Ох, огонь на нем – несытый ездок!
«Пожирающий огонь – мой конь!..» (1918)
С поэтом я всегда забывала, что я – поэт.
Письмо к Борису Пастернаку, 10 февраля 1923 г.
Уже шестнадцати лет я поняла, что внушать стихи больше, чем писать стихи <…>. Не хочешь ревности, обиды, ранения, ущерба – не тягайся – предайся, растворись всем, что в тебе растворимо, из оставшегося же создай видение, бессмертное. Вот мой завет какой-нибудь моей дальней преемнице, поэту, возникшему в женском образе.
«Пленный дух» (1934)
С великим поэтом-символистом Александром Блоком Цветаева никогда лично не встречалась, хотя и присутствовала на двух его вечерах в Москве в мае 1920 года.
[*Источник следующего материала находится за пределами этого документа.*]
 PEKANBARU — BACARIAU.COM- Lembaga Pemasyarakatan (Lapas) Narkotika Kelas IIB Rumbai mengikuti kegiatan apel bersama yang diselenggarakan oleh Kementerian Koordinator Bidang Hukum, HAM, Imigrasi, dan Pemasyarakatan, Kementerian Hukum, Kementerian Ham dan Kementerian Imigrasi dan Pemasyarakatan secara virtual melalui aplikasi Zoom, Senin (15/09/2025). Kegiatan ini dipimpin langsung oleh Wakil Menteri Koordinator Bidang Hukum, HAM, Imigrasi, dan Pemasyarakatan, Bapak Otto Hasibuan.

Ее семилетняя дочь Аля (Ариадна Эфрон) записала, какой была мать во время чтения Блока: у нее «было грозное лицо, сжатые губы, как когда она сердилась. <…> в ее лице не было радости, но был восторг»[58]. По окончании вечера в Политехническом музее, 9 мая 1920 г., Цветаева послала Алю за кулисы передать Блоку конверт с посвященными ему пятью стихами 1916 года – но от встречи с поэтом подчеркнуто воздержалась. Цветаева рассказывает, по свидетельству Надежды Нолле-Коган, близкой знакомой Блока, что тот, получив стихи Цветаевой «прочел молча – читал долго – и потом такая до-олгая улыбка»[59]. Однако Блок не сделал попытки связаться с Цветаевой и не ответил ей ни лично, ни стихами; а летом следующего года его не стало.
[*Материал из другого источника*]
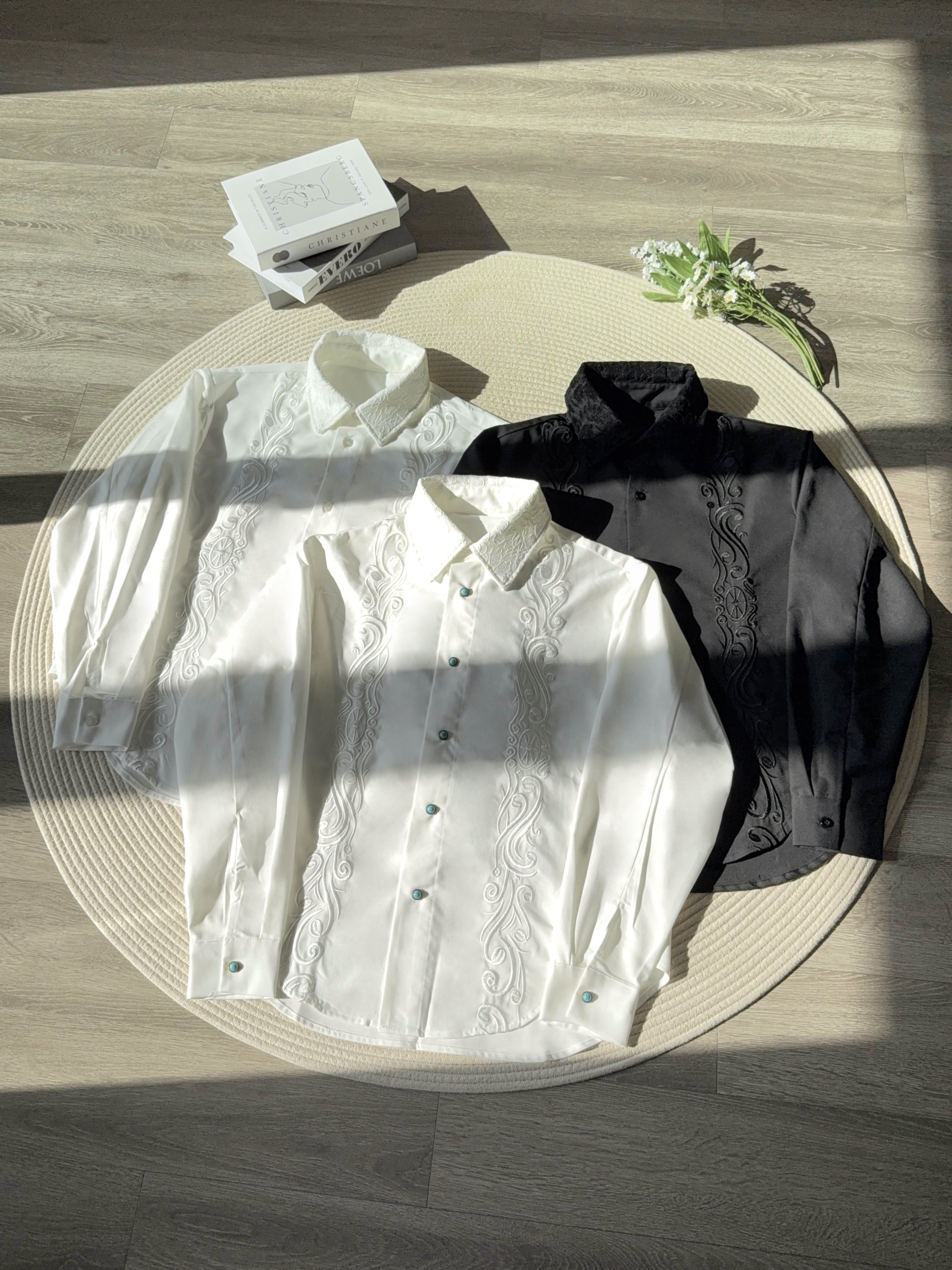 DESERTO embossed 10,000-needle preserved flower 45% linen blend embroidered floral collar long sleeve shirt casual shirt men

Невстреча с Блоком продолжала мучить Цветаеву и годы спустя; вот как она вспоминает об этом в письме к Пастернаку 1923 года:
«<…> я в жизни – волей стиха – пропустила большую встречу с Блоком (встретились бы – не умер), сама 20-ти лет – легкомысленно наколдовала: – “И руками не потянусь”. И была же секунда <…>, когда я стояла с ним рядом, в толпе, плечо с плечом (семь лет спустя!), глядела на впалый висок, на чуть рыжеватые, такие некрасивые (стриженый, больной) – бедные волосы, на пыльный воротник заношенного пиджака. – Стихи в кармане – руку протянуть – не дрогнула. (Передала через Алю, без адреса, накануне его отъезда). <…> мой жизненный опыт: опыт опасных – чуть ли не смертных – игр»[60] (6: 236).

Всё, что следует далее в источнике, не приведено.